A recent survey shows that almost 70% of SMEs hope the government would provide more direct fiscal support in the 2022 Budget, including wage subsidies, loan moratorium and other forms of subsidies. They also urge the government not to impose more taxes so that local companies can recover and survive more easily.
Human resources will be another key factor for post-pandemic recovery. SME Association has estimated that the Malaysian market is still short of approximately 1 to 1.2 million workforce.
Migrant labor shortage has been a perennial problem of this country for years, making it difficult for many local businesses to tackle the sudden surge in business after the market reopens. The government must help the SMEs to promptly address the manpower shortage problem by lifting the freeze on migrant workers as a short-term solution to help the market recover.
During the pandemic, many companies have taken their operations online due to movement and logistics restrictions.
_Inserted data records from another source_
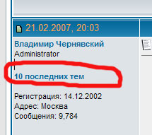 Живая Этика (Агни Йога), Теософия | | | Результаты поиска в Google | | | Результаты поиска по Агни Йоге | | | 21.04.2007, 20:13 | #1 | | Administrator Рег-ция: 14.12.2002 Адрес: Москва Сообщения: 44,904 Благодарности: 1,988 Поблагодарили 7,069 раз(а) в 4,821 сообщениях | 10 последних тем пользователя В постах в разделе информации об участнике добавлено всплывающее меню с 10-ю последними темами, в которых участник является автором.  | | | 22.04.2007, 00:40 | #2 | | Banned Рег-ция: 26.05.2006 Сообщения: 4,070 Благодарности: 334 Поблагодарили 138 раз(а) в 116 сообщениях | Ответ: 10 последних тем пользователя зачем оно нужно?? для тотального контроля друг за другом? раньше можно было в профиле смотреть ...и было достаточно ... | | | 22.04.2007, 08:32 | #3 | | Administrator Рег-ция: 14.12.2002 Адрес: Москва Сообщения: 44,904 Благодарности: 1,988 Поблагодарили 7,069 раз(а) в 4,821 сообщениях | Ответ: 10 последних тем пользователя Цитата: Сообщение от vetall2000 зачем оно нужно?? для тотального контроля друг за другом?... |  Веталл, если применить "принцип доброго глаза", то наверняка можно использовать эту новую возможность форума с доброй пользой. | | | 22.04.2007, 09:12 | #4 | Рег-ция: 15.07.2005 Сообщения: 8,847 Благодарности: 790 Поблагодарили 1,823 раз(а) в 1,176 сообщениях | Ответ: 10 последних тем пользователя Цитата: Сообщение от Владимир Чернявский ...если применить "принцип доброго глаза".. | Ну это только если ... А на самом деле, разве его (этот принцип) тут на форуме все активно применяют? Если да, то этот "принцип доброго глаза" в больших солнцезащитных очках.  | | | 22.04.2007, 09:32 | #5 | | Administrator Рег-ция: 14.12.2002 Адрес: Москва Сообщения: 44,904 Благодарности: 1,988 Поблагодарили 7,069 раз(а) в 4,821 сообщениях | Ответ: 10 последних тем пользователя Цитата: Сообщение от Борис Солнцев Цитата: Сообщение от Владимир Чернявский ...если применить "принцип доброго глаза".. | Ну это только если ... | Это "если" зависит от доброй воли каждого. | | | 22.04.2007, 10:42 | #6 | | Banned Рег-ция: 17.11.2005 Адрес: Украина Сообщения: 14,036 Благодарности: 1,636 Поблагодарили 1,451 раз(а) в 1,141 сообщениях | Ответ: 10 последних тем пользователя А мне нравицца. Иногда забываешь, в какой именно теме отвечал оппоненту, и начинаешь лазить по всем, где он мог бы быть...  Долго и непродуктивно. Так шо - все правильно.  | | | 22.04.2007, 15:25 | #7 | Рег-ция: 25.09.2004 Адрес: Москва, Кремль :-) Сообщения: 4,666 Благодарности: 116 Поблагодарили 350 раз(а) в 239 сообщениях | Цитата: Сообщение от Владимир Чернявский В постах в разделе информации об участнике добавлено всплывающее меню с 10-ю последними темами, в которых участник является автором. | А почему физическая ссылка во всех надписях " 10 последних тем" ведёт в профиль Пузикова?  У кого отключены скрипты или кто жмёт правой кнопкой мыши и выбирает "открыть в новом окне" - сразу попадают к Пузикову в гости  | | | 22.04.2007, 16:11 | #8 | | Administrator Рег-ция: 14.12.2002 Адрес: Москва Сообщения: 44,904 Благодарности: 1,988 Поблагодарили 7,069 раз(а) в 4,821 сообщениях | Ответ: 10 последних тем пользователя Цитата: Сообщение от Dron.ru Цитата: Сообщение от Владимир Чернявский В постах в разделе информации об участнике добавлено всплывающее меню с 10-ю последними темами, в которых участник является автором. | А почему физическая ссылка во всех надписях " 10 последних тем" ведёт в профиль Пузикова?  У кого отключены скрипты или кто жмёт правой кнопкой мыши и выбирает "открыть в новом окне" - сразу попадают к Пузикову в гости  | Приятно иметь бдительных тестировщиков. Баг закрыл  | | | | Здесь присутствуют: 1 (пользователей: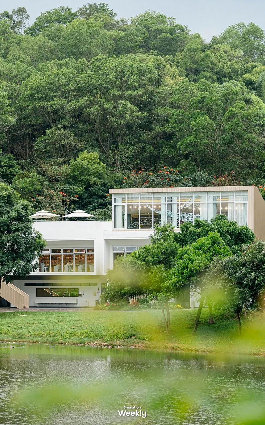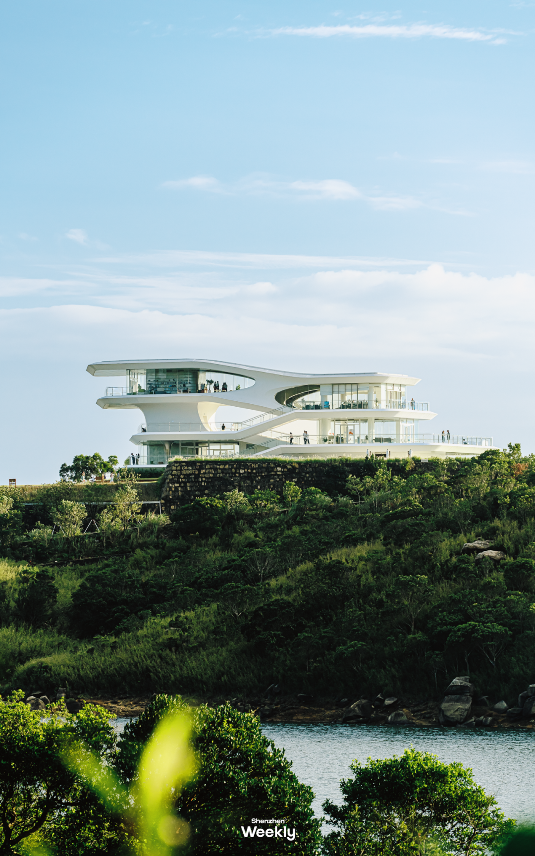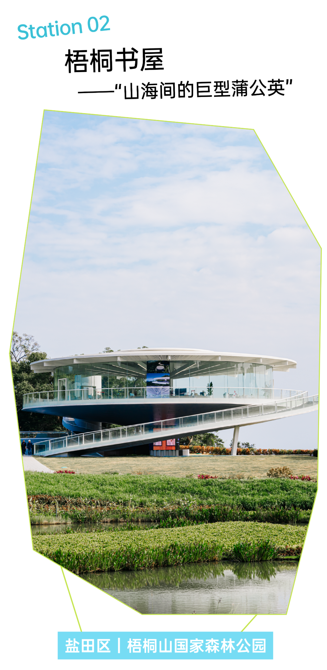 另一座山海地标——梧桐书屋,位于梧桐山国家森林公园内的梧桐亭,背靠梧桐山,与恩上湿地公园相邻,身处观景台便可将盐田山海之景尽收眼底。梧桐书屋设于梧桐亭二层,一整个环绕式建筑,洁白墙面,全透明的玻璃墙,跟整个山谷的绿色融为一体。坐在靠近窗边的位置,可以看蓝天白云,也能将山林的绿意收藏。很适合作为徒步经过的歇脚点,在这里休息、阅读、发呆都是不错的选择。地址:盐田区海山街道恩上湿地公园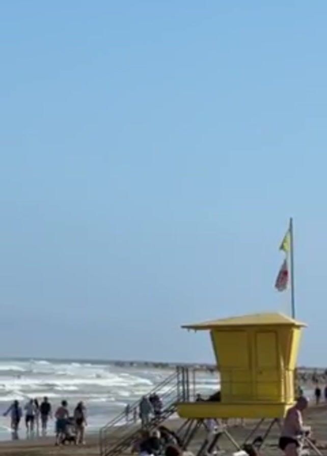 crowded beach on a clear day. There is a yellow lifeguard tower on the beach with a yellow flag and a flag with a red cross on it. People are walking along the shore and lounging on beach chairs. Waves are visible in the ocean.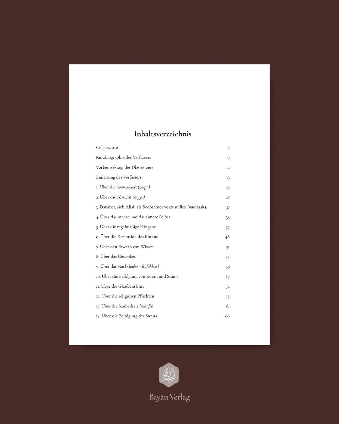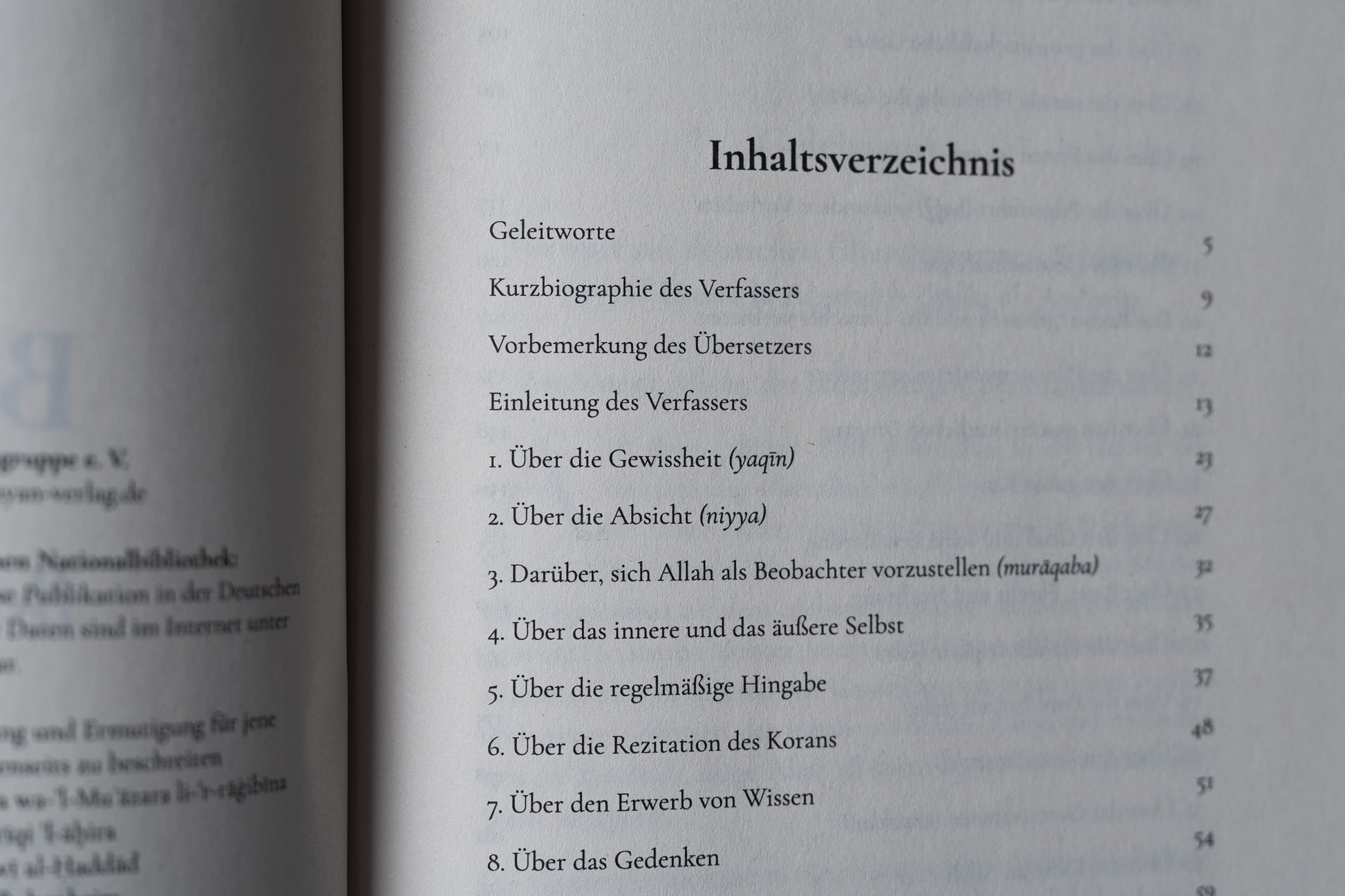 Imām al-Ḥaddāds Bücher zählen zu den bekanntesten und beliebtesten Werken im Bereich der islamischen Spiritualität, fast 300 Jahre nach ihrem Entstehen. Mit dieser Übersetzung liegt zum ersten Mal in deutscher Sprache das „Buch des Beistands“ vor: ein Buch, das die Prinzipien des Taṣawwuf in kurzen, praxisnahen Kapiteln verdeutlicht. Ein praktischer Reiseführer für diejenigen, die sich bewusst auf die Reise durch diese Welt, hin zu ihrem Schöpfer, aufmachen.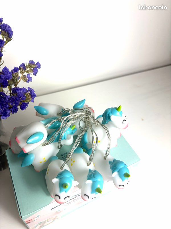 Les fans de licornes vont adorer cette guirlande lumineuse ! Elle fait 1,5 m de long avec 10 petites licornes LED qui s'allument doucement. Alimentation par 2 piles AA (non fournies), donc pas de fil électrique, vous pouvez l'accrocher partout. Parfaite pour décorer la chambre d'une enfant, un sapin de Noël, une fête d'anniversaire, Halloween, ou pour créer une ambiance magique. Les LED ne chauffent pas, sont économes et durables. Vous pouvez l'enrouler autour d'un lit, la mettre sur un mur, une fenêtre, une tête de lit... Très légère et facile à ranger. Un cadeau idéal pour faire rêver. La guirlande est souple, les licornes sont en plastique résistant. Attention, ne convient pas aux très jeunes enfants (petites pièces). Livrée prête à l'emploi, il suffit d'insérer les piles. Magique !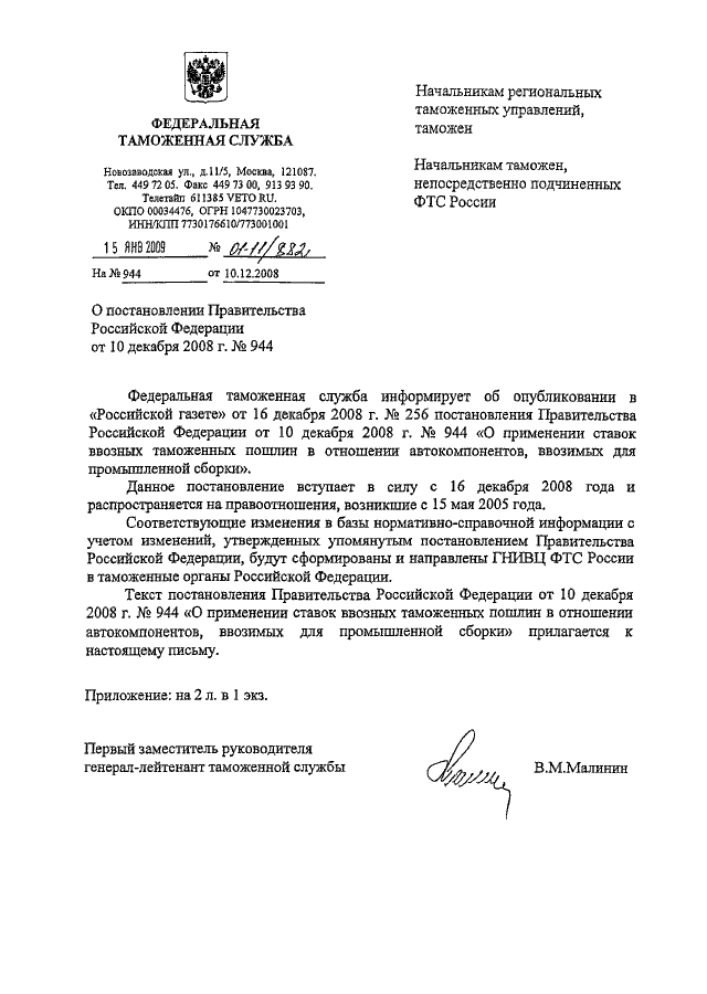 "О ПОСТАНОВЛЕНИИ ПРАВИТЕЛЬСТВА РОССИЙСКОЙ ФЕДЕРАЦИИ ОТ 10 ДЕКАБРЯ 2008 Г. N 944"
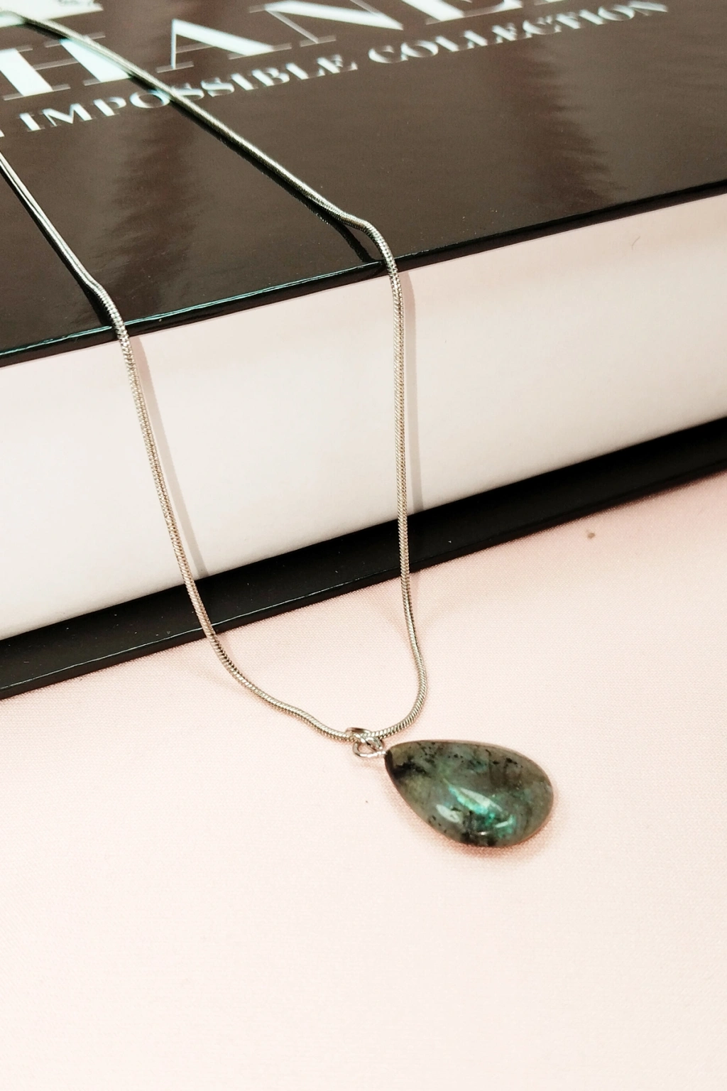 Labradorit Doğal Taşı Zincirli El Yapımı Kolye Uç: 2 cm Zincir: 20 cm Kutulu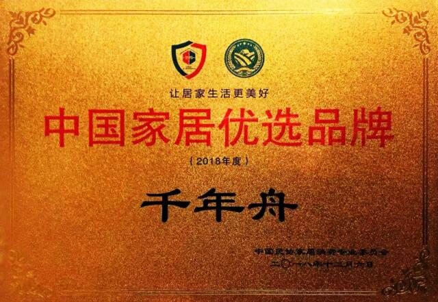 此次入选“中国家居优选品牌”,将极大地提升千年舟品牌知名度和美誉度,鼓励我们不忘初心,朝着“绿色健康家”砥砺前行!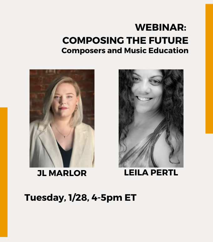 New music isn’t just for adults - a growing population of grade school students are also pushing the boundaries of music creation. Leila Pertl, Instructor in Music Education & Music Education Curator for the Mile of Music, will join ACO Education Coordinator JL Marlor to offer insights on what a successful collaboration between composers and grade schools looks like.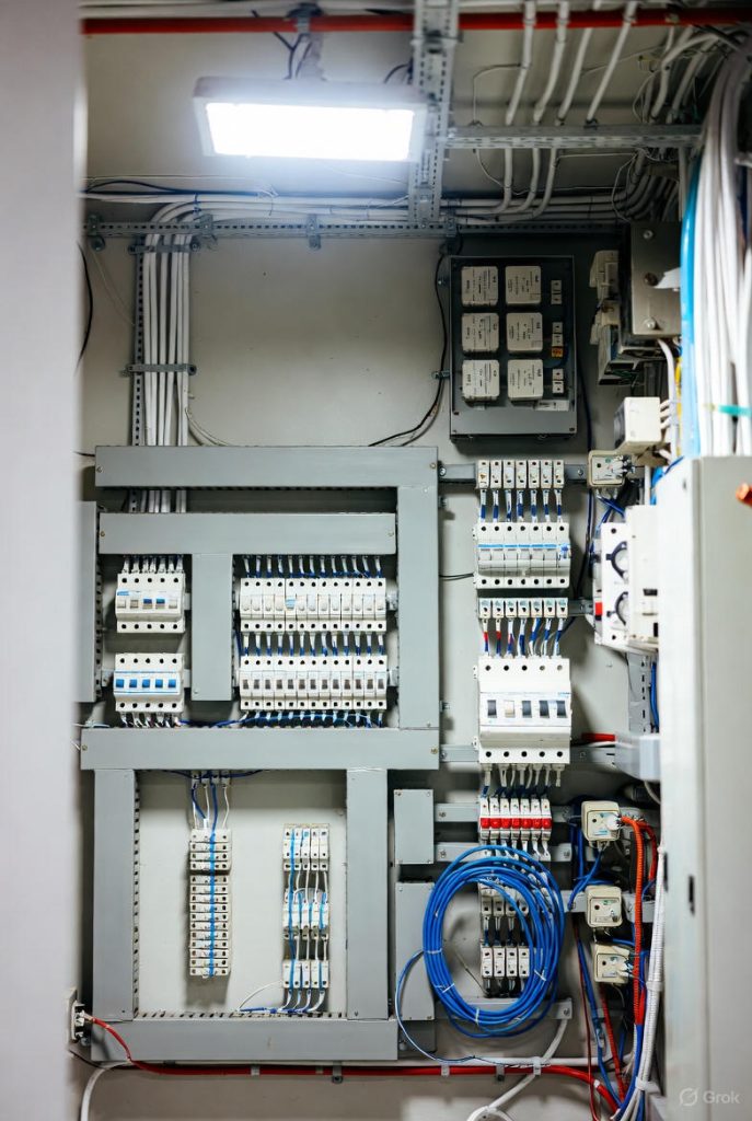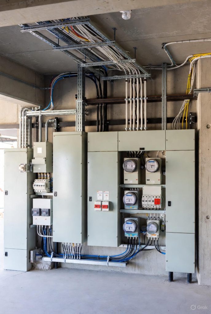 شامل سیم‌کشی برق، تابلو برق، روشنایی، سیستم‌های اعلام و اطفای حریق، دوربین مداربسته، و سیستم‌های هوشمند ساختمان می‌باشد.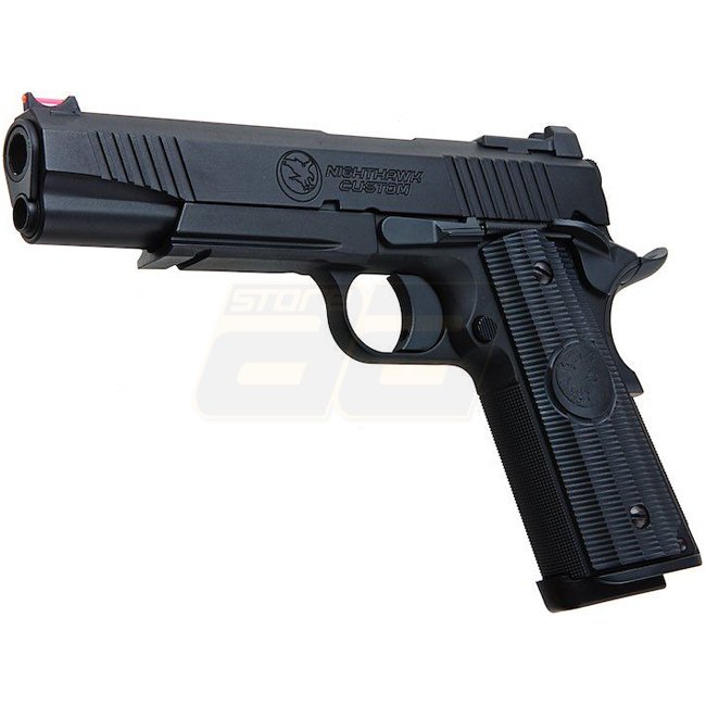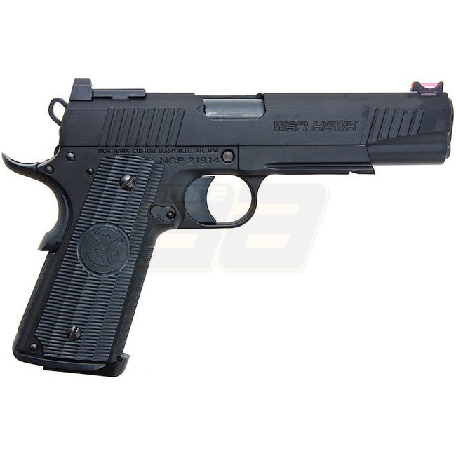 Ce pistolet à gaz blowback RWA Nighthawk Custom War Hawk est une édition spéciale de haute qualité en noir. Construction en métal, chargeur de 21 coups, longueur de 250 mm, poids de 930 g, vitesse de 280-300 FPS, mode de tir semi-automatique et hop-up rég

Although they are now allowed to operate physically under the national recovery plan, Remote working and hybrid operations have become the new normal in post-pandemic business world, putting IT personnel in hot demand.
Finance minister Tengku Zafrul has said earlier that the 2022 Budget will take care of all industries, including those worse hit by the pandemic as well as the healthcare system.
It is our hope that the Budget to be tabled this afternoon will really have the “wow” factor for everyone.